Twentieth Anniversary

On December 22, 1990 I landed in San Francisco via Boston, leaving my native France almost 9 000 miles behind me.
I entered the USA with my eleven-month-Parisian-born daughter, pregnant with my second one, our visa, a couple of suitcases and a stroller.
I became that day an alien with preexisting conditions.
Twenty years later, as an anniversary symbol, I offered a collection of true stories to my husband and our four children.
The 250 pages tell of the journey of an immigrant whose knowledge of English was comme ci comme ça.
They tell of my funny and less funny mistakes, of my loneliness and my search for home.
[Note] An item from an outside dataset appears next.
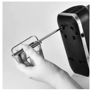- To remove the beaters and dough hooks, hold them with one hand, press the eject button with the other and pull to release.

They also tell of my falling in love with a country I only knew through songs, movies, books and my parents’ own memories of the only Americans they ever met until my move to the US: the soldiers who liberated their occupied France when they were young kids.
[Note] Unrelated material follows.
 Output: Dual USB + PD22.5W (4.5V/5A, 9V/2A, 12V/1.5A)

I wrote the stories especially for my children so they would know that their mother was once very similar to the women we meet here in California, when they have freshly landed from South America, Korea, Eastern Europe, the Middle East, or any part of the world.
Like me twenty years ago, they tiptoe through a language that plays tricks on them, through a culture that is more foreign than the food.
Like me they hope to understand the rules and be part of the game.
Like me they fear to lose themselves and never be the same.
All of that, I want to tell them will sometimes break your heart and make you want to return to your homeland.
Twenty years later, although I am an American citizen, I am still discovering the American people. I suppose I’m not one of them yet. But the French manage to surprise me when I visit my native country. I suppose I’m not really one of them anymore. All that can be disturbing and uncomfortable.
But the beauty is that in the USA, someone at some point has been going through the same journey.
And somehow, I want to tell the newly arrived moms, it makes everything work out just fine.